Dataset items
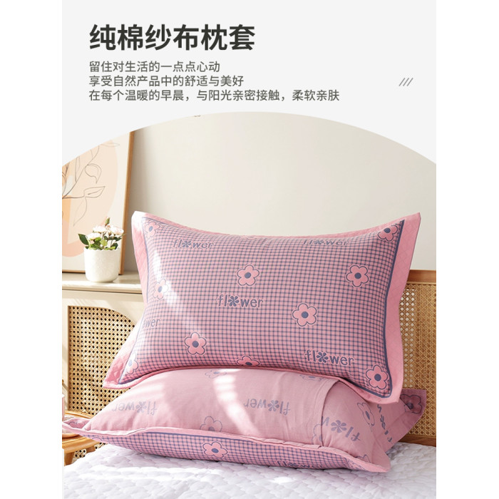 純棉紗布枕套一對裝高級高密吸汗透氣成人家用全棉加厚枕芯枕頭套
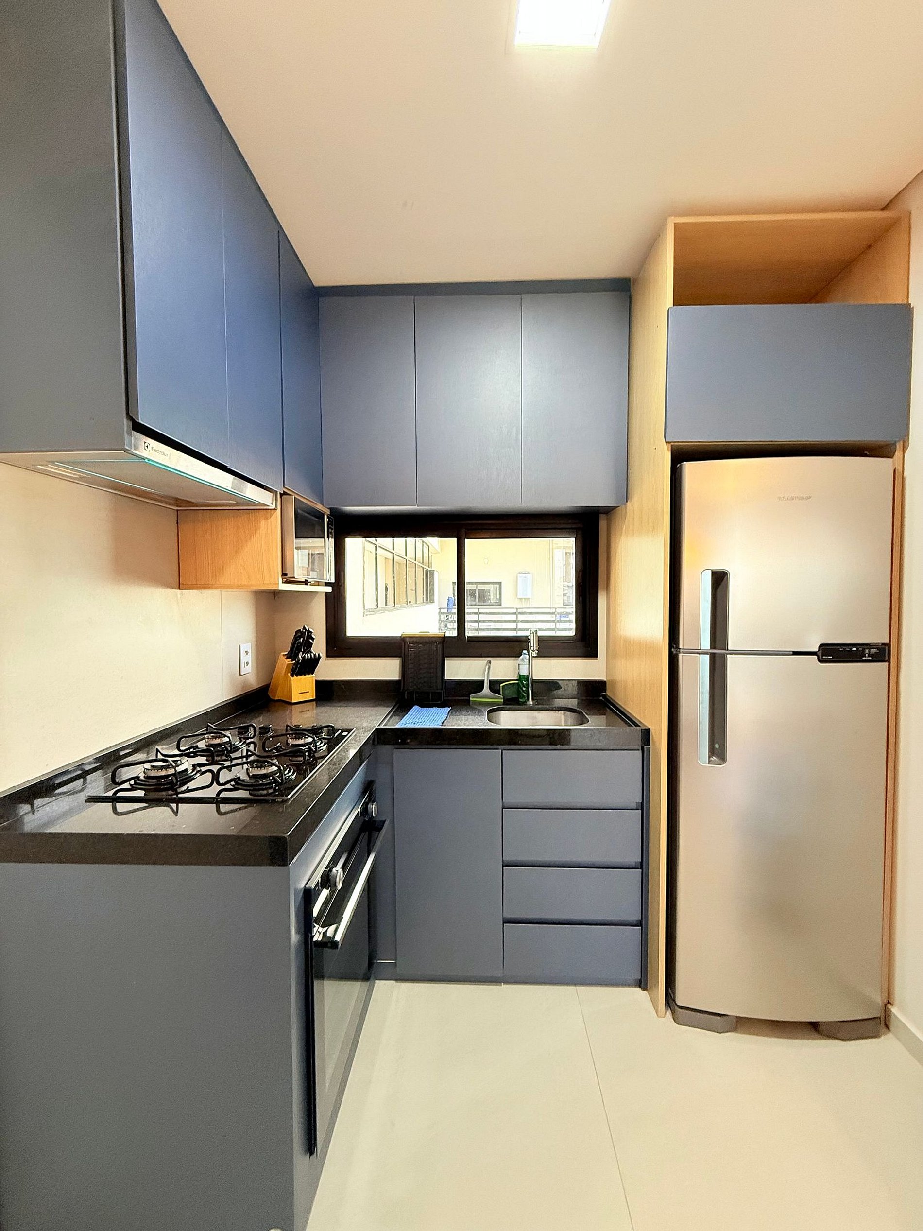 A cozinha é totalmente equipada com todos os utensílios necessários para sua estadia, além de eletrodomésticos modernos, tudo organizado para oferecer funcionalidade e conforto.
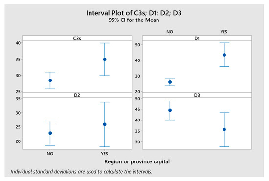 The difference observed in the cultural and creative behaviors of metropolitan and non-metropolitan cities confirms the hypothesis and the influence of the borrowed size effect on the dynamics of metropolitan cities, as well as the principle of centrality in non-metropolitan cities. Additionally, Figure 5 is in support of this principle and its influence on the behavior of non-metropolitan cities, showing the results of the contrast of means between the 15 non-metropolitan cities that are regional or provincial capitals and the remaining 66, with no administrative rank. The graph reveals that these capital cities perform better than the non-metropolitan group in general (the mean of the C3 index being higher), and especially in terms of Cultural Vitality (sub-index D1, ostensibly higher). They also perform better in Creative Economy (sub-index D2) compared to other non-metropolitan cities, although they fall short of the average values of metropolitan cities.
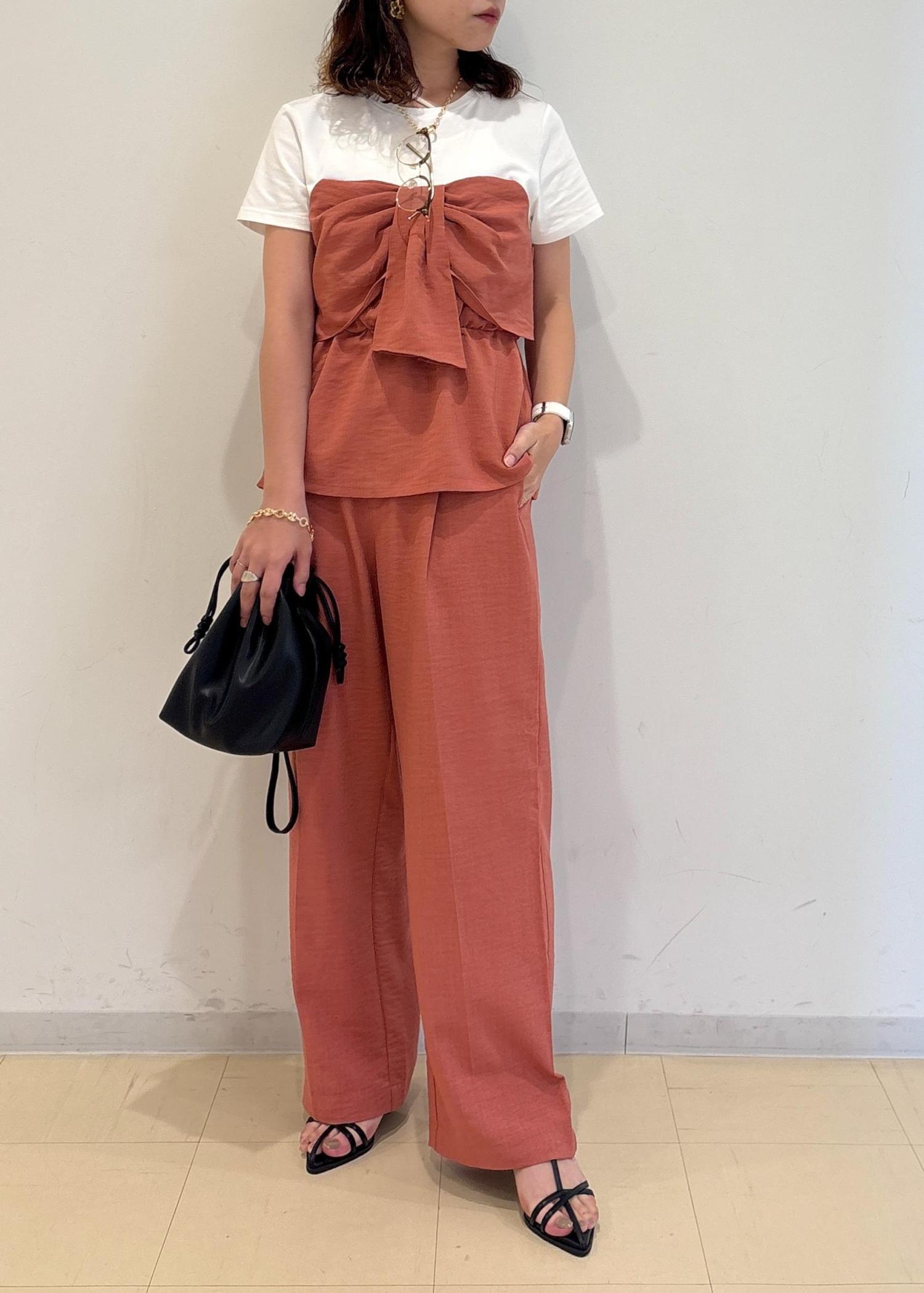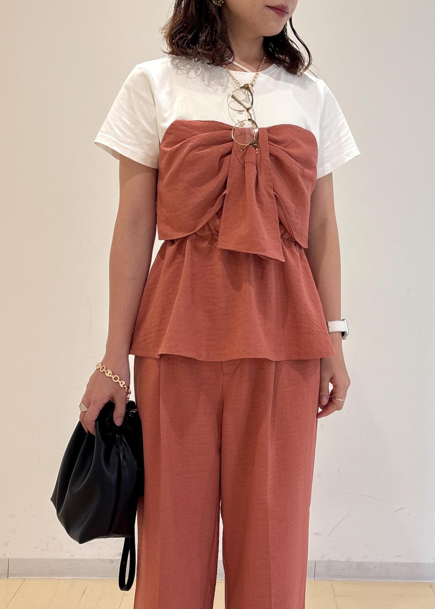 【新色追加】【美easy】ねじりリボンTシャツドッキングプルオーバー【接触冷感/洗える】
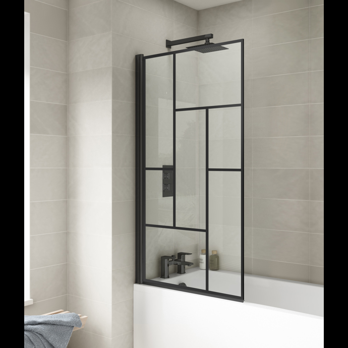 Nuie Pacific 6mm Square Abstract Bath Screen – Matt Black
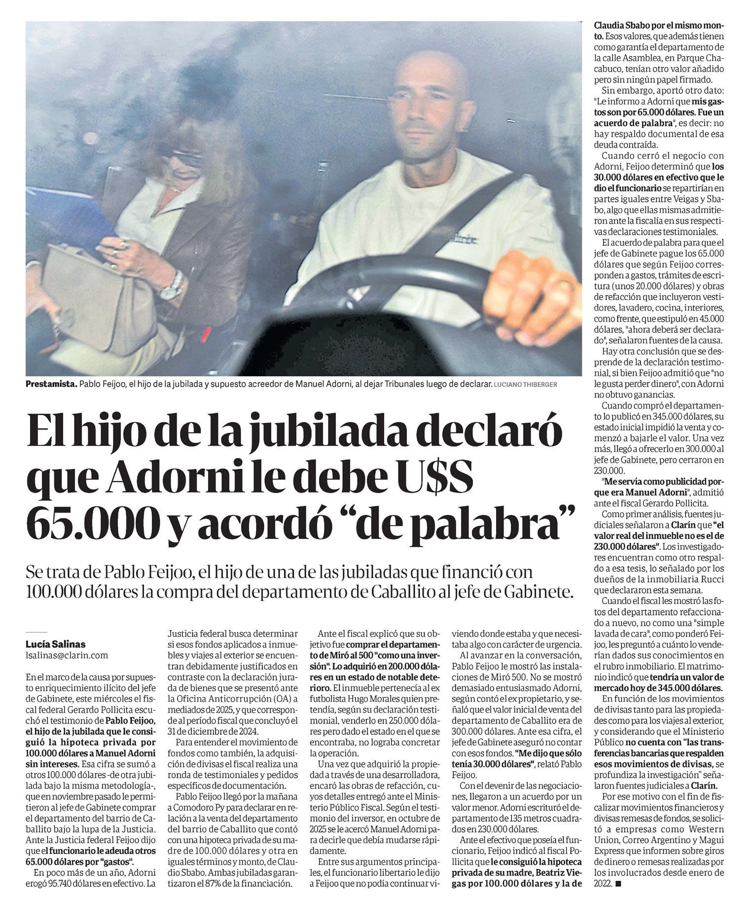 El hijo de la jubilada declaró que Adorni le debe U$S 65.000 y acordó "de palabra" Se trata de Pablo Feijoo, el hijo de una de las jubiladas que financió con 100.000 dólares la compra del departamento de Caballito al jefe de Gabinete.
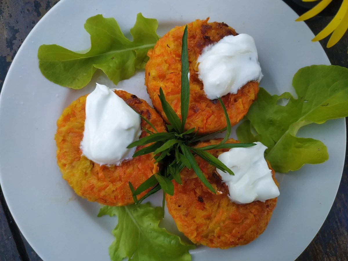 Подавайте морковные котлеты со сметаной и зеленью.
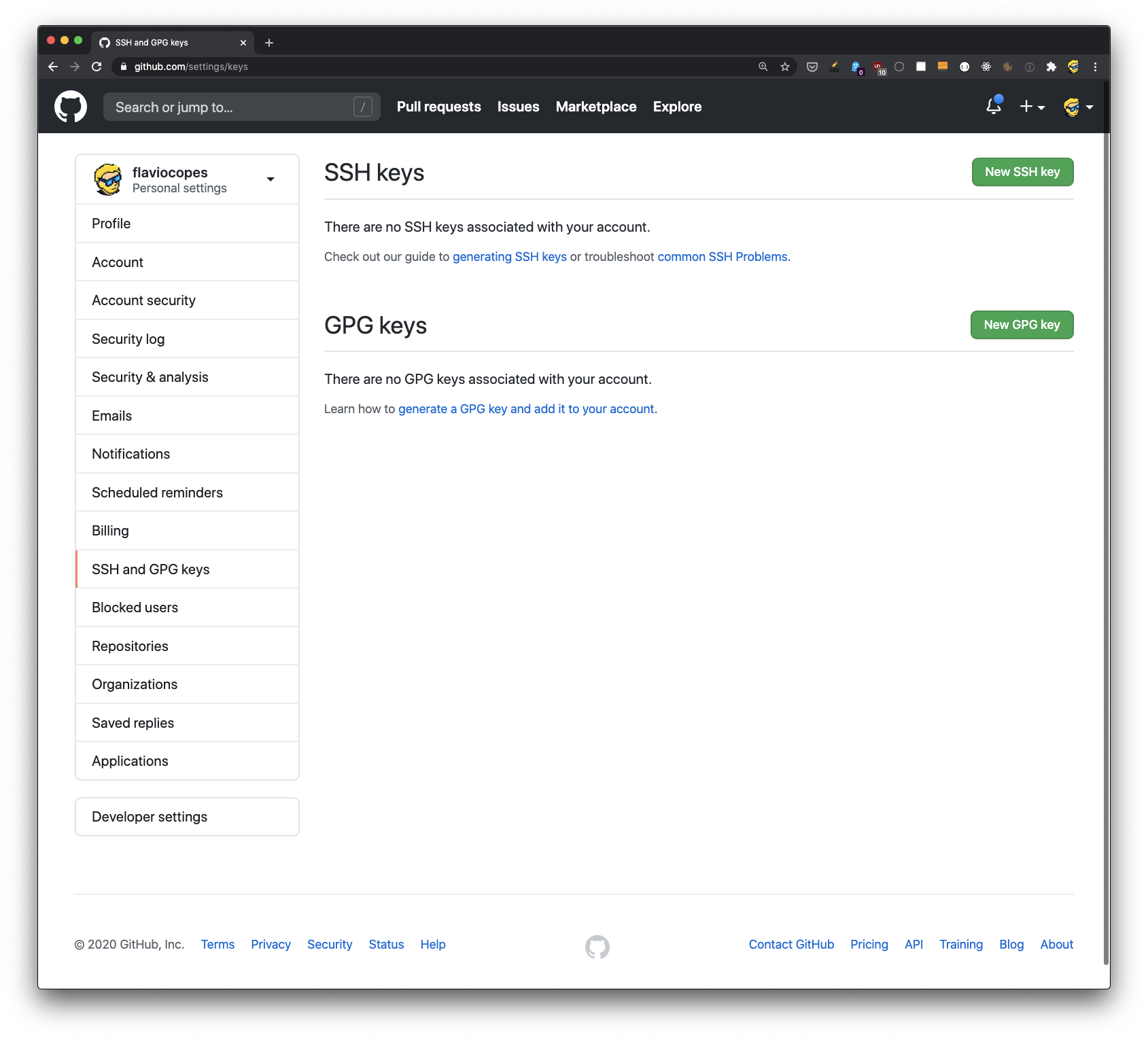 Now open the “SSH and GPG keys” panel on GitHub:
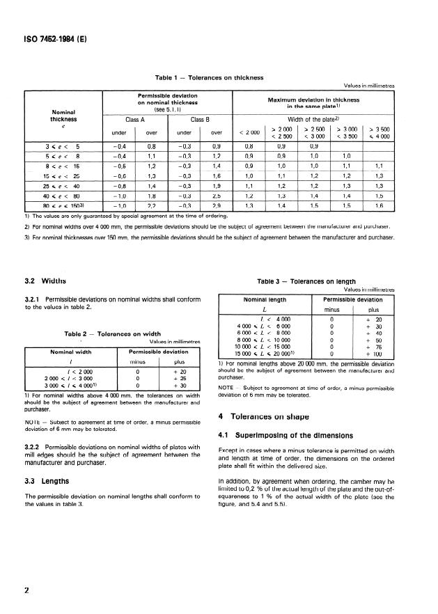 ISO 7452:1984 is a standard published by the International Organization for Standardization (ISO). Its full title is "Hot-rolled structural steel plates — Tolerances on dimensions and shape". This standard covers: Applies to hot-rolled, non-alloyed, alloyed and stainless steel plates of nominal thickness up to 150 mm and of width up to 4 000 mm whose specified minimum yield stress is equal to or less than 700 N/mm . Does not include round plate, custom-made plate, checker plate or bulb plate for flooring or wide flats.
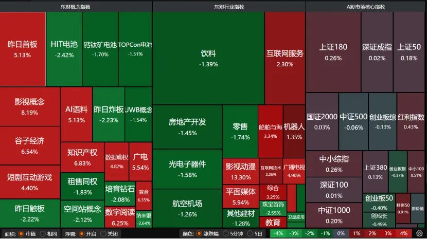 盘面上,影视概念、AI语料、短剧互动游戏、数字阅读、平面媒体等大涨。HIT电池、航空机场、光电子器件、饮料均收跌。
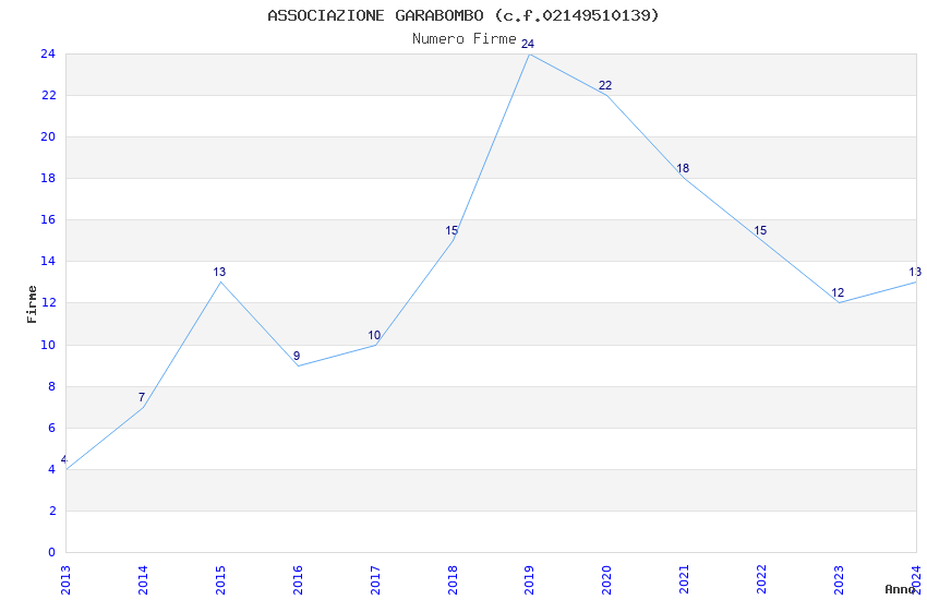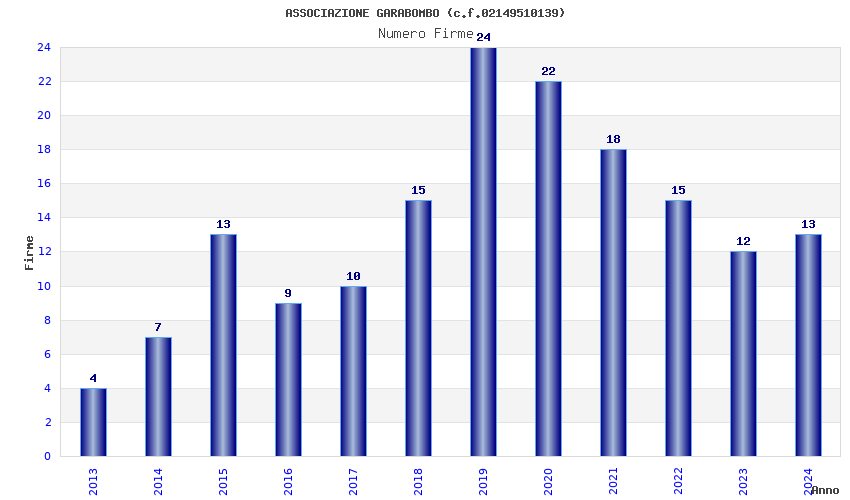 | Anno | Firme | Importi | Media | Naz. | Reg. | Prov. | Comu. |
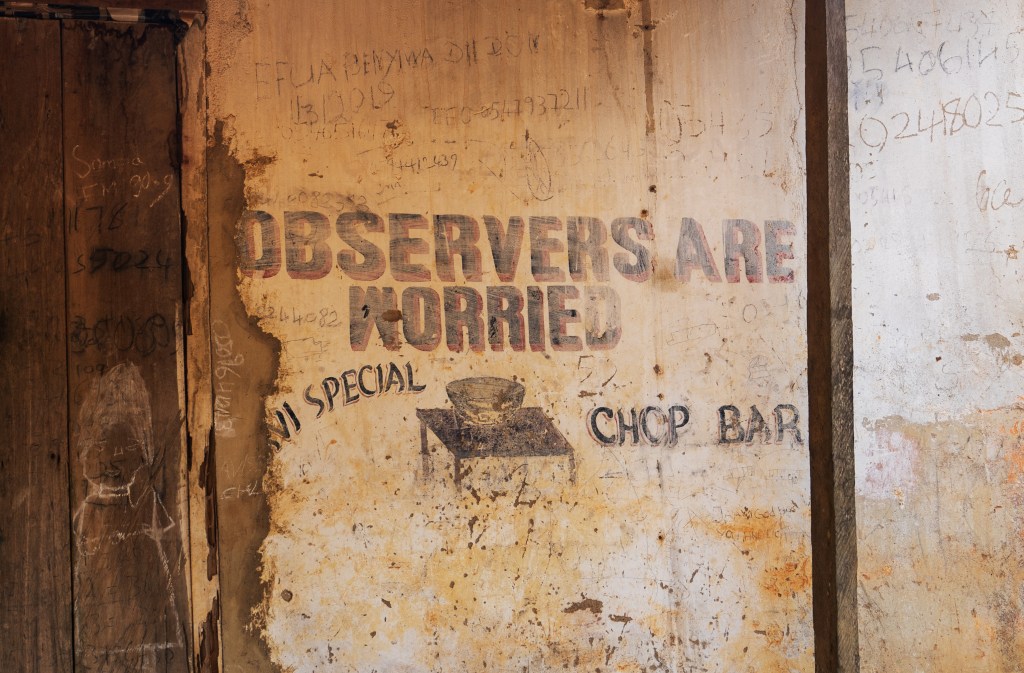 If you had to choose two words to describe Ghana, ‘semiotically rich’ might just cover it. Signs, slogans and symbols cover every available surface and space: taxis bearing mottos like Be Wise and Travel And See pass shops and restaurants like Lack Of Knowledge Suiting Materials And Boutique, Faithful Jesus Carpentry Shop, Do The Right Thing Cold Store, Amazing Power Hydraulic Ventures and Observers Are Worried Chop Bar.1 Sayings, proverbs, religious messages and advertisements are continually being remixed and improvised on producing, in the words of Ato Quayson, a “scintillating zodiac of inscriptions.”
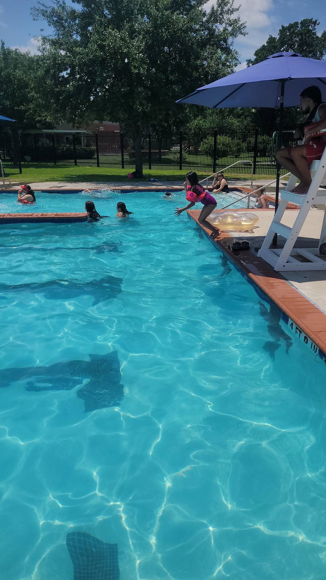 There were 3 life guards on duty that were very watchful and kept everyone safe around the pool. The facility is clean and not overcrowded. It’s $2 to per person to enter even if you are not swimming. My son enjoyed the splash pad. There were ladies selling slushes, drinks and chips. There are plenty of benches with shade. This a fun and beautiful summer gem in the neighborhood.
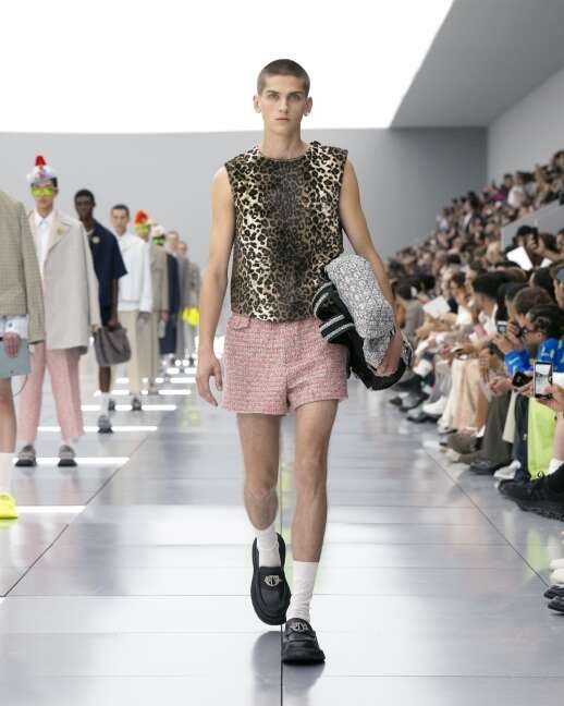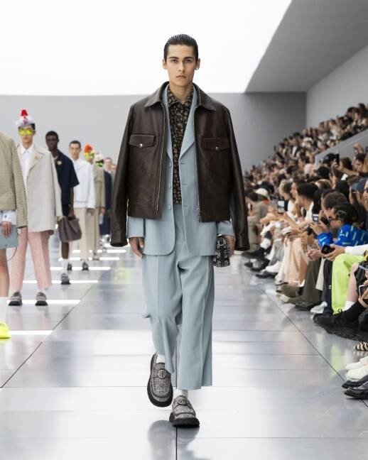 Kim Jones also introduces playful elements to the collection, with polos in vibrant colors, leopard prints, and eyewear infused with fluorescent accents. These touches of whimsy add a fanciful twist to the world of luxury menswear. The reinterpretation of the iconic 1995 Lady Dior bag inspires the footwear, featuring heavy-soled loafers adorned with a new circular logo. Additionally, the collection showcases the collaboration with renowned milliner Stephen Jones, who embellishes New Wave beanies with exquisite ‘Ronghua’ velvet flowers meticulously crafted by master artisans in China.
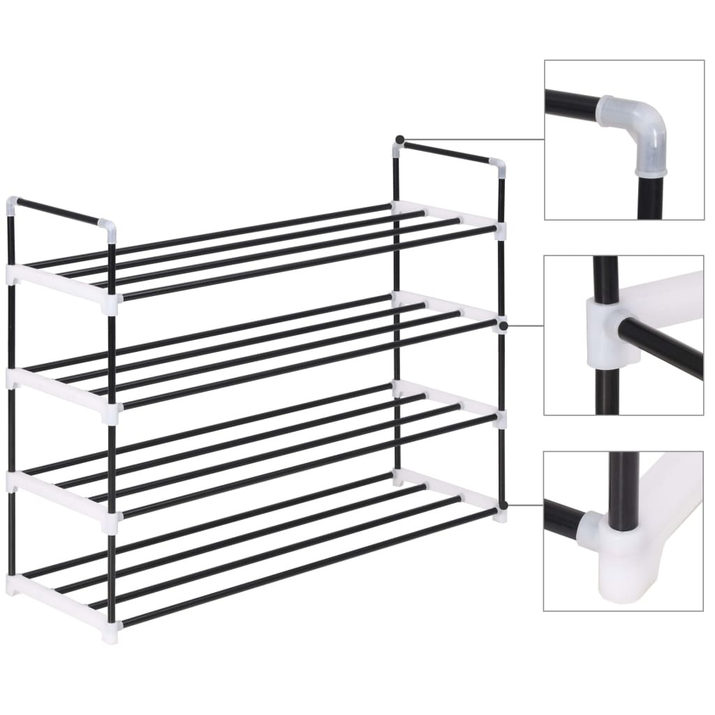 Ez a minimalista cipőtartó állvány ideális megoldást kínál cipői tárolására. Cső alakú fémvázzal rendelkezik, mely könnyűsúlyú, mégis strapabíró, így a cipőtartó rendkívül könnyen mozgatható és időtálló. Négy nagyméretű polccal van felszerelve, melyek bőséges helyet kínálnak cipői rendezett tárolására. Könnyen összeszerelhető.

**Directions for this task:** Working from the entries above, please transcribe only the lines from the line with "Now open the" through the line with "盘面上,影视概念、AI语料、", exactly, with both end lines and without pictures.

**Reply:**
 Now open the “SSH and GPG keys” panel on GitHub:
 ISO 7452:1984 is a standard published by the International Organization for Standardization (ISO). Its full title is "Hot-rolled structural steel plates — Tolerances on dimensions and shape". This standard covers: Applies to hot-rolled, non-alloyed, alloyed and stainless steel plates of nominal thickness up to 150 mm and of width up to 4 000 mm whose specified minimum yield stress is equal to or less than 700 N/mm . Does not include round plate, custom-made plate, checker plate or bulb plate for flooring or wide flats.
 盘面上,影视概念、AI语料、短剧互动游戏、数字阅读、平面媒体等大涨。HIT电池、航空机场、光电子器件、饮料均收跌。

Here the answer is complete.